Katie Garibaldi performs with her Luna Trinity Guitar

...don't be lazy... being an indie artist you've got to take the bull by the horns and do it! -KG

Marketing is key and you seem adept at getting your name out.  What advice would you give other artists for marketing themselves?

My advice is basically: don't be lazy!  Don't wait for someone else to do the work for you.  If you're promoting a show or your album, make a checklist of mediums you can use to get the word out and just do it.  People like visuals so it's always good to have a flyer for a show or your new album.  Designate time to spend on the computer sending out blogs, press releases, and booking appearances, but also make time to get out and actually walk around at different events or places where you think people might be interested in your music/show.  Shake hands with people and tell them about yourself and hand them a flyer.  You never know what connections you might make.  Also, be sure your website and bio are ever changing, updating constantly.  Outdated information makes it look like you're not active.  Another good idea is to come up with perks for merchandise at your shows--items or deals that people can't get anywhere else (ie. Buy a CD, get another CD or t-shirt for half off).  Marketing is a lot of fun to me because that was part of what I studied in college.  I knew it was a huge side of the music business, and being an indie artist you've got to take the bull by the horns and do it! 

How do you handle negotiating payment for gigs?
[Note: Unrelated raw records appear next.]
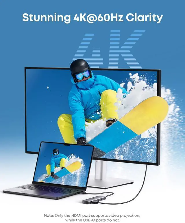 Flawless 4K@60Hz Video with HDMI: Delivers exceptional clarity and smoothness with its 4K@60Hz HDMI port, making it ideal for high-definition presentations and entertainment. (Note: Only the HDMI port supports video projection; the USB-C port is for data transfer only.)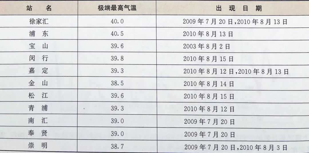 1978—2010年,上海11个气象站观测到的极端最高气温出现在浦东,为2010年8月13日的40.5°C,其次为徐家汇站2009年7月20日及2010年8月13日的40.0°C。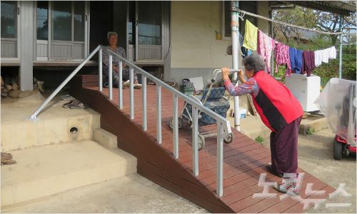 지난 가을 장성군이 다리가 불편한 어머니를 위해 시골집의 마루와 마당을 연결하는 경사로를 무료로 설치해 준 것이다.

I wish there was a concrete formula for this, but unfortunately there's not.  Usually venues already have their own set method of compensation and you have to decide if their terms are suitable for you.  If a venue leaves it to you and asks, "how much do you charge?" then it's in your hands, which can be a good thing but sometimes a little tricky.  I generally take three things into consideration: (1) The type of venue.  I would ask more from a club than a little cafe.  (2) The location.  If I'm touring out of town, I have to think about my gas money to get to this gig.  (3) If I'm playing solo or with a band.  When playing with a band, I hire my backup musicians so usually I'll ask for more if it's the full band.  It's a difficult and delicate process sometimes.  You don't want to say too high of a number because you don't want to lose the gig, but you also don't want to say too low of a number, which might devalue yourself.  If it's a venue you really want to get into regardless of the pay, go for it.  If it's something that expects a lot from you but doesn't pay anything in return, you probably want to pass.  Negotiating might occur.  If they offer too low a cost but you still want to do it, ask for a free meal to make up for the minimal pay.  Just keep in mind that it's a business and always remember to be polite and professional.

Is there anything else you can think of that may be helpful to other working artists?

Something important that I have learned is to never be afraid of taking control of your own destiny.  If someone or something is holding you back from doing what you want with your career, find a way to move around them (and make sure you're not standing in the way of your own success too!)  I've been in situations where I put too much faith in others and just ended up feeling like my whole career was slipping out of my hands.  No one is going to care about your career more than you do, so don't wait around too much for others to respond.  Be a leader and diminish as much stress as possible.  Also, it's easy to get stuck in safe mode, but safe might not mean best.  Face fear head-on and learn to take chances.  That's how you move forward.